See also the French version: La découverte de la radioactivité par Henri Becquel
On Wednesday, February 26, 1896, in Paris, Henri Becquerel was conducting experiments on phosphorescent crystals. A material is phosphorescent when it emits light for some time after having absorbed light itself.
The experiment consisted of exposing the crystals to sunlight and then placing them next to a photographic plate to measure the amount of light they would produce via phosphorescence.
However, it wasn’t sunny in Paris that day. Becquerel developed the photograph anyway. Since the crystal had received little light, he expected to see only a faint image of it. He was shocked, then, to find instead a rather strong image of the crystal on the photograph.
Five days later, on March 2, 1896, Becquerel presented this surprising phenomenon to the French Academy of Sciences. He knew he had made a significant discovery, but no one, including him, could have predicted how much this event would change both science and the world.
The crystal that Becquerel was studying that day contained uranium, and the phenomenon he observed is now called radioactivity.

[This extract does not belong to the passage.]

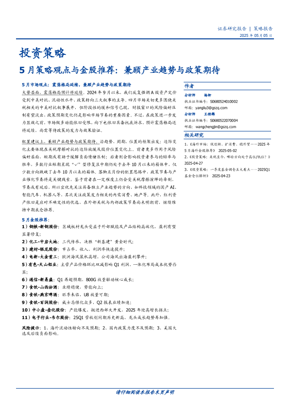 【国盛证券】【20250505】5月策略观点与金股推荐:兼顾产业趋势与政策期待-15页

The discovery of radioactivity by Henri Becquerel is a fascinating topic for popular science because it can be understood without requiring any mathematics or complex reasoning. It is also one of the most significant discoveries in the history of science.

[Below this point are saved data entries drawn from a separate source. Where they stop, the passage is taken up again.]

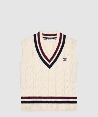 [CELINE-셀린느]트리옹프 V넥 케이블 니트 캐시미어 RY0BMD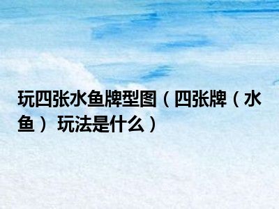 目前应该是有很多小伙伴对于四张牌(水鱼) 玩法是什么方面的信息比较感兴趣,现在小编就收集了一些与四张牌(水鱼) 玩法是什么相关的信息来分享给大家,感兴趣的小伙伴可以接着往下看,希望会帮助到你哦。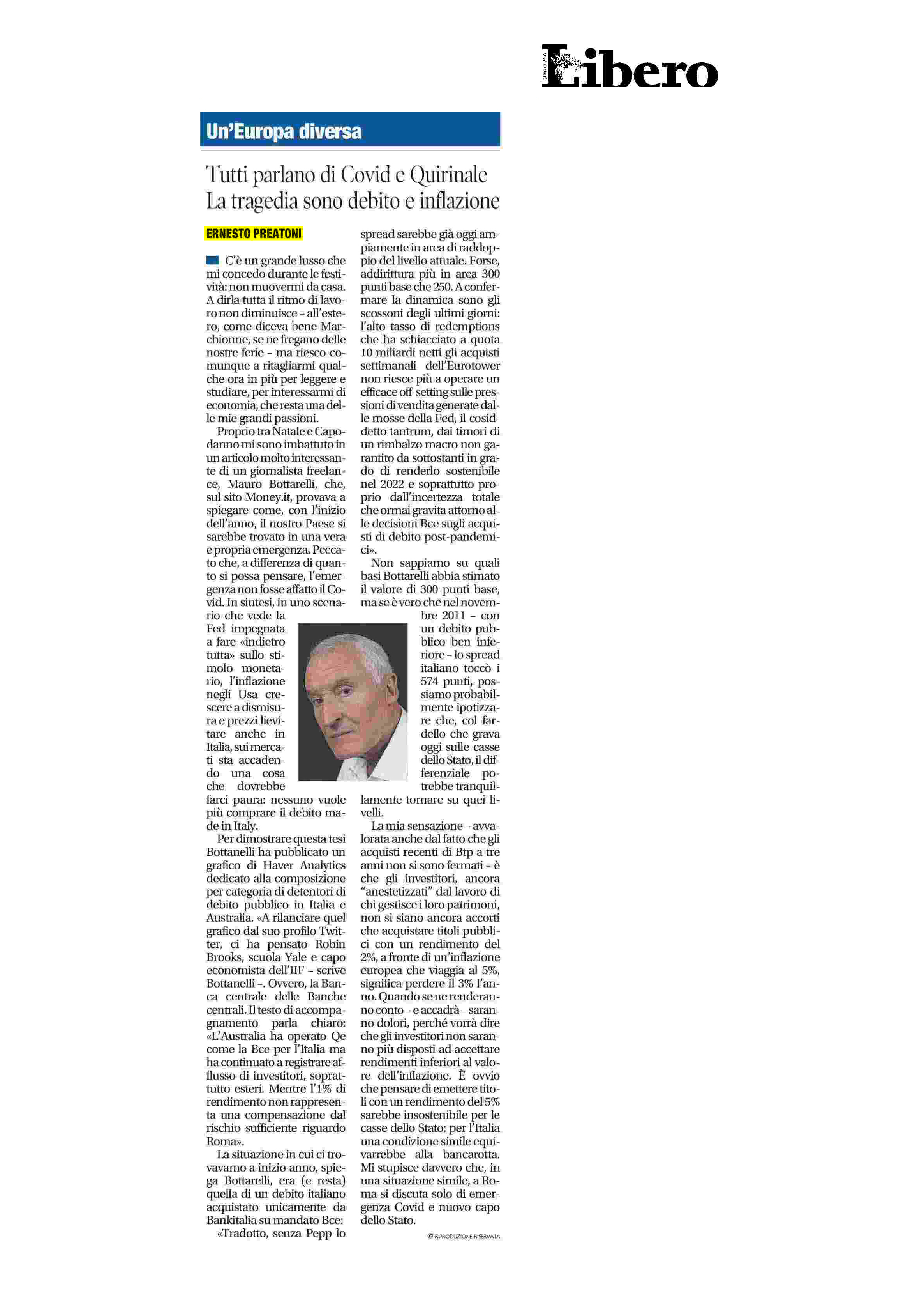 Libero – Tutti parlano di Covid e Quirinale. La tragedia sono debito e inflazione.

Becquerel regularly presented his work at the French Academy of Sciences, and transcripts of all these presentations can be found in the Comptes rendus hebdomadaires des séances de l’Académie des sciences [minutes of the weekly sessions of the Academy of Sciences], which are available on the website of the Bibliothèque nationale de France (BNF) [National Library of France], https://gallica.bnf.fr.

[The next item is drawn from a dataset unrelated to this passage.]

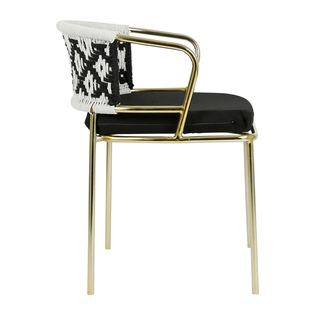 Conçu avec un cadre en fer robuste et une finition dorée, ce fauteuil chic offre un confort infini dans son assise moelleuse en coton noir.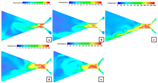 Velocity distribution in the meridian plane of the angle valve with different spool shapes ((a) 72°, (b) 90°, (c) 98°, (d) 105°, (e) 120°).

The documents on the BNF website are only scanned images, making them quite difficult to read. I digitized1 all of Henri Becquerel’s presentations at the French Academy of Sciences on the topic of radioactivity (see the complete list of his presentations at the Academy from 1896 onwards – in French), allowing readers to relive this great scientific adventure as if they were part of it, witnessing the hesitations, the mistakes and the successes of Becquerel in his research. The complete list of texts can be found at this address (in French), but here are some translated excerpts:
I would like to emphasize the following fact, which I believe is particularly important and unlike any phenomenon we could have expected to observe: the same crystal strips, placed in front of photographic plates under the exact same conditions and behind the exact same screens, but completely shielded from external radiation and kept in the dark, still produce the same photographs.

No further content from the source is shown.